#### Exercise inputs:

......

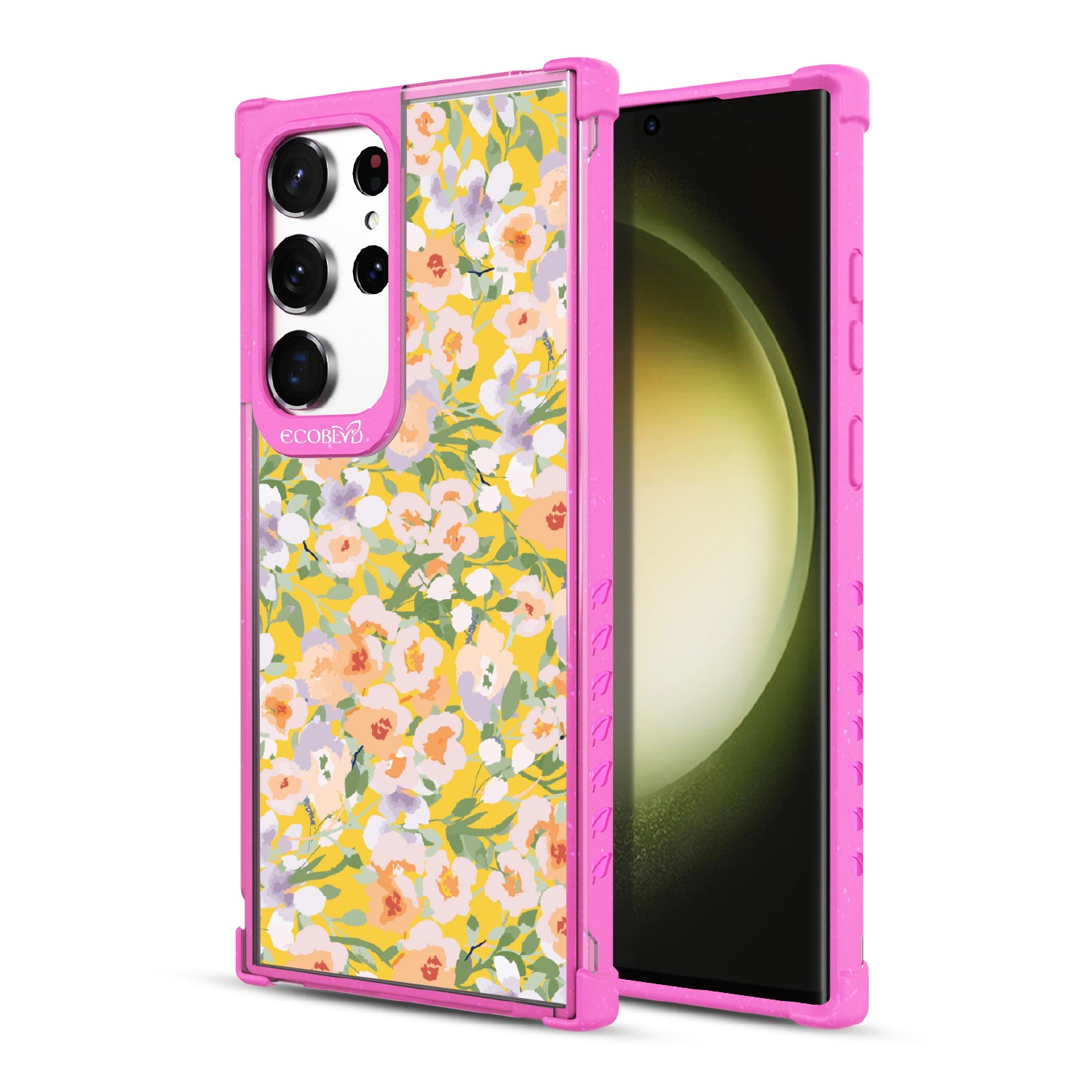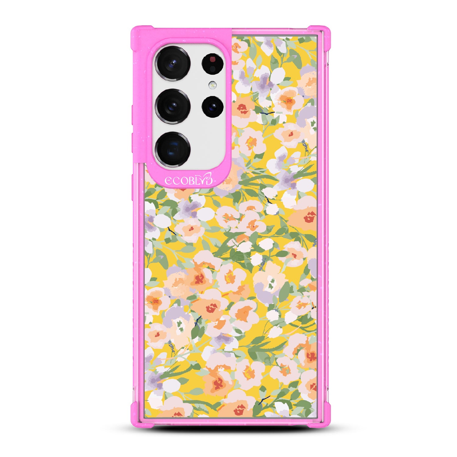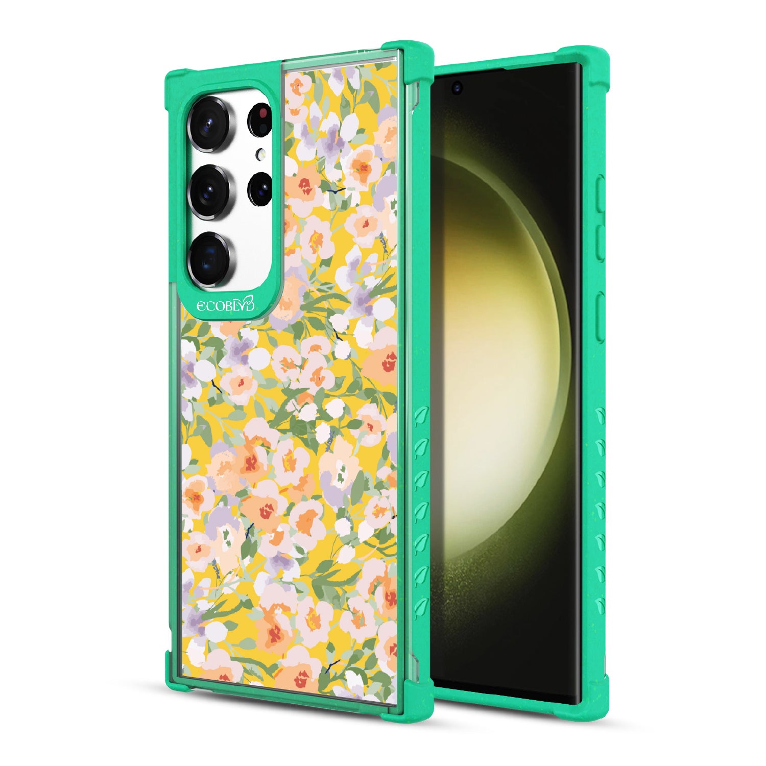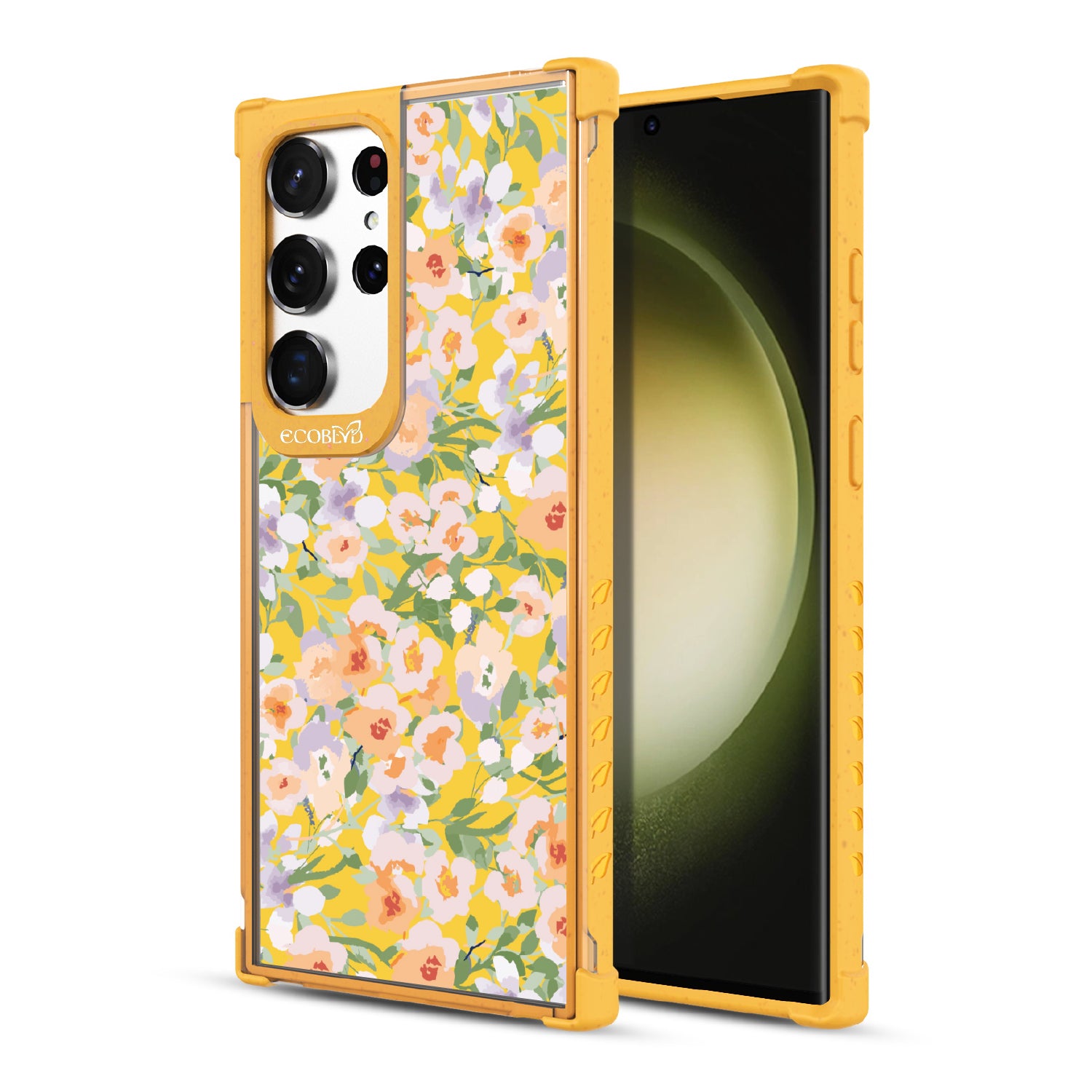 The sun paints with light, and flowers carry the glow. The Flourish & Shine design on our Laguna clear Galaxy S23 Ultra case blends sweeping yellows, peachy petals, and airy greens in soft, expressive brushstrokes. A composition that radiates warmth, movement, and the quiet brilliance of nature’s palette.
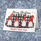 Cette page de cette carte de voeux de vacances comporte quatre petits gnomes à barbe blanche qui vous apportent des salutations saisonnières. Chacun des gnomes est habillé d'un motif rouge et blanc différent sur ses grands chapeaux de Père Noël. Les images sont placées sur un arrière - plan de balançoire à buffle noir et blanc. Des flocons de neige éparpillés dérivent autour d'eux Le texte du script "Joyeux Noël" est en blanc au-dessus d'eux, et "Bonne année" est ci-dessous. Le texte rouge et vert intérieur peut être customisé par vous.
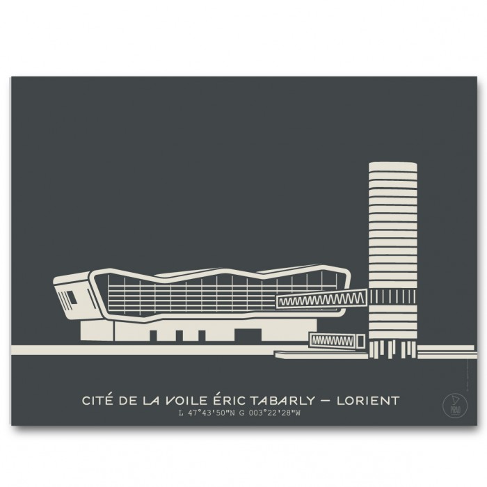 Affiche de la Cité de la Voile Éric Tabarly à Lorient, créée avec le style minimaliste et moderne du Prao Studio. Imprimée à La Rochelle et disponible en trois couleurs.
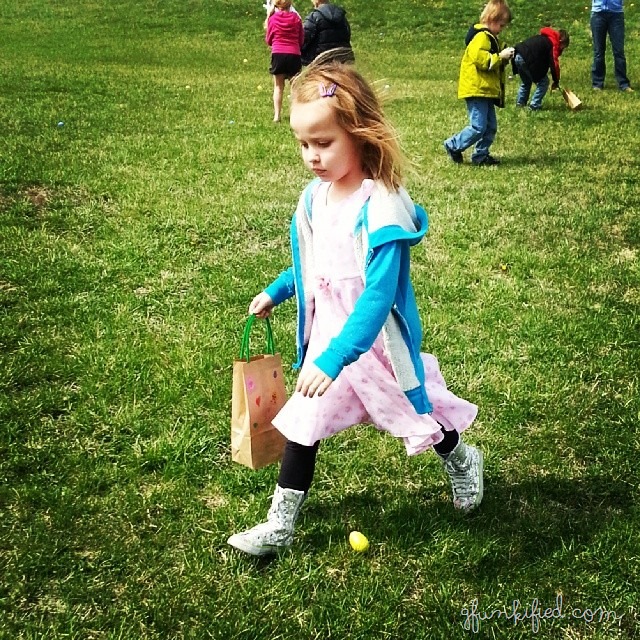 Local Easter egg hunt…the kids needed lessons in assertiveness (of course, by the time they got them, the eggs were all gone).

......

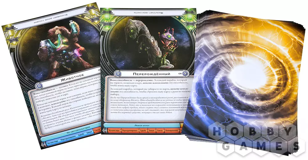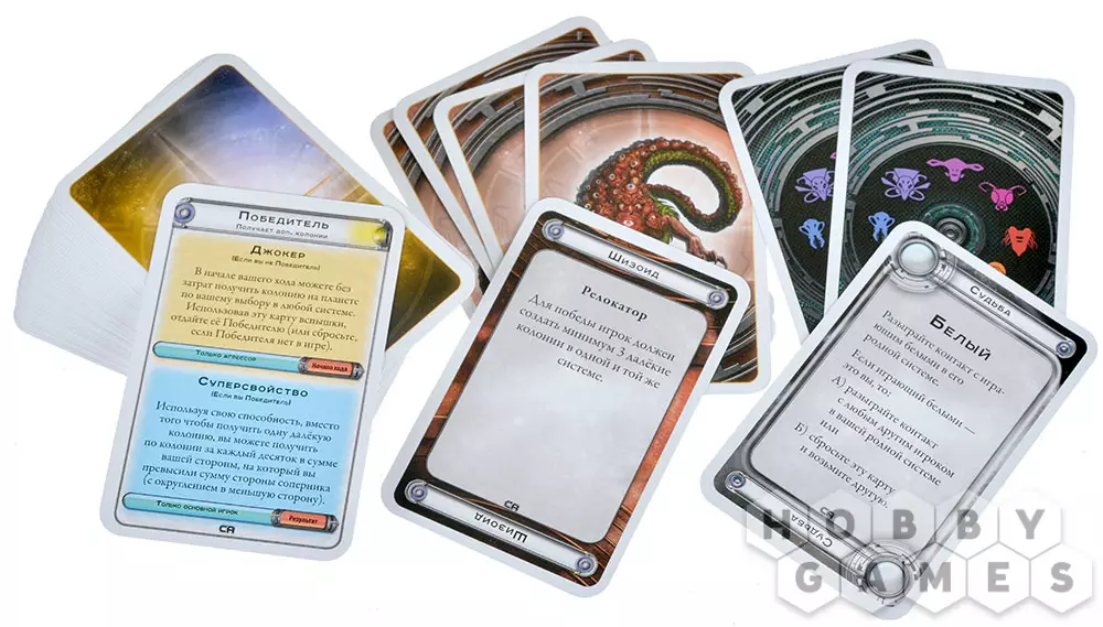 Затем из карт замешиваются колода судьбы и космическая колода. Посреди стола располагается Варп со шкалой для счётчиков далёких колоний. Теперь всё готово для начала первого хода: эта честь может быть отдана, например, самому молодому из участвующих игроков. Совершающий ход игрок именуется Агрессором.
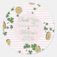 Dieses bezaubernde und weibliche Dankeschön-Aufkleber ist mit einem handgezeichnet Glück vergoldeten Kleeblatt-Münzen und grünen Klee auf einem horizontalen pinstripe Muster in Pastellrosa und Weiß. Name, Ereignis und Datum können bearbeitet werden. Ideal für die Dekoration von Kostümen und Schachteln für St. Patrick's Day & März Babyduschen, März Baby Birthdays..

......

Exercise for the records above: copy only the lines from the one with "Affiche de la" to the one with "Local Easter egg", both ends kept, and drop the pictures.

 Affiche de la Cité de la Voile Éric Tabarly à Lorient, créée avec le style minimaliste et moderne du Prao Studio. Imprimée à La Rochelle et disponible en trois couleurs.
 Local Easter egg hunt…the kids needed lessons in assertiveness (of course, by the time they got them, the eggs were all gone).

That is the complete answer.